In order to observe misclassified examples we have chosen 2 random instances as below:

1. `['High' 'Yes' 'Travel_Frequently' 'Mid' 'Sales' 'Low' 'High'
 'Life Sciences' 'High' 'Mid' 'Male' 'High' 'High' 'Low' 'Sales Executive'
 'High' 'Divorced' 'Low' 'Mid' 'High' 'Y' 'No' 'Low' 'Low' 'High' 'High'
 'High' 'Low' 'Mid' 'High' 'Low' 'Low' 'Low' 'Low']
Expected output: Yes
Predicted output: No`

For the example above the predicted output was no but it should have been yes. The rule we have derived and used for this specific instance is:

`rule:(OverTime = No) ^ (JobRole = Sales Executive) ^ (StockOptionLevel = High) ^ (JobLevel = Low) -> No`

As you can see, even though we have 30+ columns in our dataset our rule for this instance is a combination of four columns. Our rule was not complex enough to classify this instance correctly. We believe that it is because of the number of examples which has features above as ((OverTime = No) ^ (JobRole = Sales Executive) ^ (StockOptionLevel = High) ^ (JobLevel = Low)). As we mentioned, if there were more diverse samples with these features, our model would be able to make more complex decisions and classify this sample correctly.

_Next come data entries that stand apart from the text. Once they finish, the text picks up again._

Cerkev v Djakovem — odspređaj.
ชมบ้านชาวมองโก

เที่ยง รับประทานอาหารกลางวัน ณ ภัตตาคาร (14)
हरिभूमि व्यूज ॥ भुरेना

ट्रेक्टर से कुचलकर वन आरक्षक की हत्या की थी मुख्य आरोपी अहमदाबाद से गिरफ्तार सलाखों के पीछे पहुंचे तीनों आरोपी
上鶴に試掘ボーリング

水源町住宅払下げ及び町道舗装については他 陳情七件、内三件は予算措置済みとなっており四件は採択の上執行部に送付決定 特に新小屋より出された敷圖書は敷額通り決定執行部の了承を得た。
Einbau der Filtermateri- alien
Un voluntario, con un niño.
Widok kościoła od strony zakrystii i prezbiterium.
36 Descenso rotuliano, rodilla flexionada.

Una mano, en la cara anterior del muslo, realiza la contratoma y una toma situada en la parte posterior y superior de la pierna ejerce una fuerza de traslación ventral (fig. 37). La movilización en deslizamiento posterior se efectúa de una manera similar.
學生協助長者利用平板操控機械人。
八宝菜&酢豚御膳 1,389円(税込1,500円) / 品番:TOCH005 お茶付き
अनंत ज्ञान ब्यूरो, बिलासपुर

2. `['Mid' 'Yes' 'Travel_Frequently' 'Mid' 'Research & Development' 'High'
 'High' 'Medical' 'High' 'Low' 'Female' 'Mid' 'Mid' 'Low'
 'Research Scientist' 'High' 'Single' 'Low' 'Low' 'Low' 'Y' 'No' 'High'
 'High' 'Mid' 'High' 'Low' 'Mid' 'High' 'High' 'Low' 'Mid' 'Low' 'Mid']
Expected output: Yes
Predicted output: No`


`rule :(OverTime = No) ^ (JobRole = Research Scientist) ^ (StockOptionLevel = Low) ^ (EducationField = Medical) ^ (Age = Mid) -> No`

As we have mentioned above the problem goes for this instance as well. We have 34 features and this rule classifies our example using only 6 rules. If we had more complex examples which comply with the specific rule above our model would be more successful.

## PART 2: Pruning Decision Tree

Pruning is one of the methods that is used for issue of overfitting in ID3. There are several types of pruning (Reduced Error Pruning, Rule Post-Pruning etc.) and in this assignment we are also using a different type of pruning. Our implementation works quite well by eliminating the twigs and increasing validation, test set accuracies.

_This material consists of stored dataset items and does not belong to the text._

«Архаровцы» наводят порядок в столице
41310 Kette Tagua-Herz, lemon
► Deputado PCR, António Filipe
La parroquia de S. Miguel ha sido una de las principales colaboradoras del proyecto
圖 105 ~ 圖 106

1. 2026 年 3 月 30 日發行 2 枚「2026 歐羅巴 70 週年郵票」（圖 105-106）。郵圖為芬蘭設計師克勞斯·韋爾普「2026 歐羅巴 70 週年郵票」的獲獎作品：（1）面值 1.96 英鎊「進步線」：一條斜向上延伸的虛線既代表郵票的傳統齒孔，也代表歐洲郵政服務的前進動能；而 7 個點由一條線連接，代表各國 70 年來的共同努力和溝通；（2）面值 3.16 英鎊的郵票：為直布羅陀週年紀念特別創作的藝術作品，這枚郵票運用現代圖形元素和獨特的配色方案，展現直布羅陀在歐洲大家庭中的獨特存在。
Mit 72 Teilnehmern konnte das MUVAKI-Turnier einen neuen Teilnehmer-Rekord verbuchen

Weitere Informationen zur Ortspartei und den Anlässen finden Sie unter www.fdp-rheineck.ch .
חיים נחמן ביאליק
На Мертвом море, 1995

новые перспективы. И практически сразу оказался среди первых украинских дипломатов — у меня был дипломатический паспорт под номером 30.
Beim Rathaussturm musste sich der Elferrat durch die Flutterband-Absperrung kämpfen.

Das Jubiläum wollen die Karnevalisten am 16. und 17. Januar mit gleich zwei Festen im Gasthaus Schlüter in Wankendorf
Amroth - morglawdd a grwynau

Our prune tree implementation uses a recursion manner solution similar to Depth-First-Search. It follows the same steps in the assignment pdf in the process. 
* While finding the twigs, it checks the node whether it is a twig or not, if yes then it adds the node to the twig_list in the tree. If not, then it continues to its children nodes. Repeats the same operation till the whole tree is traversed.
<br>
* In the pruning process, the implementation compares all the twigs in the list and finds the one which has minimum information gain, then deletes it from the list. After deleting from the list, instead of deleting it directly from the tree, it assigns its parent a decision value (the most common one in the twig). In our implementation, if one of the nodes has a decision attribute assigned, the code will not go down further on from that point. Then the code checks whether its parent is a twig or not. If yes, adds the parent to the list, if no, passes.

![image.png](attachment:image.png)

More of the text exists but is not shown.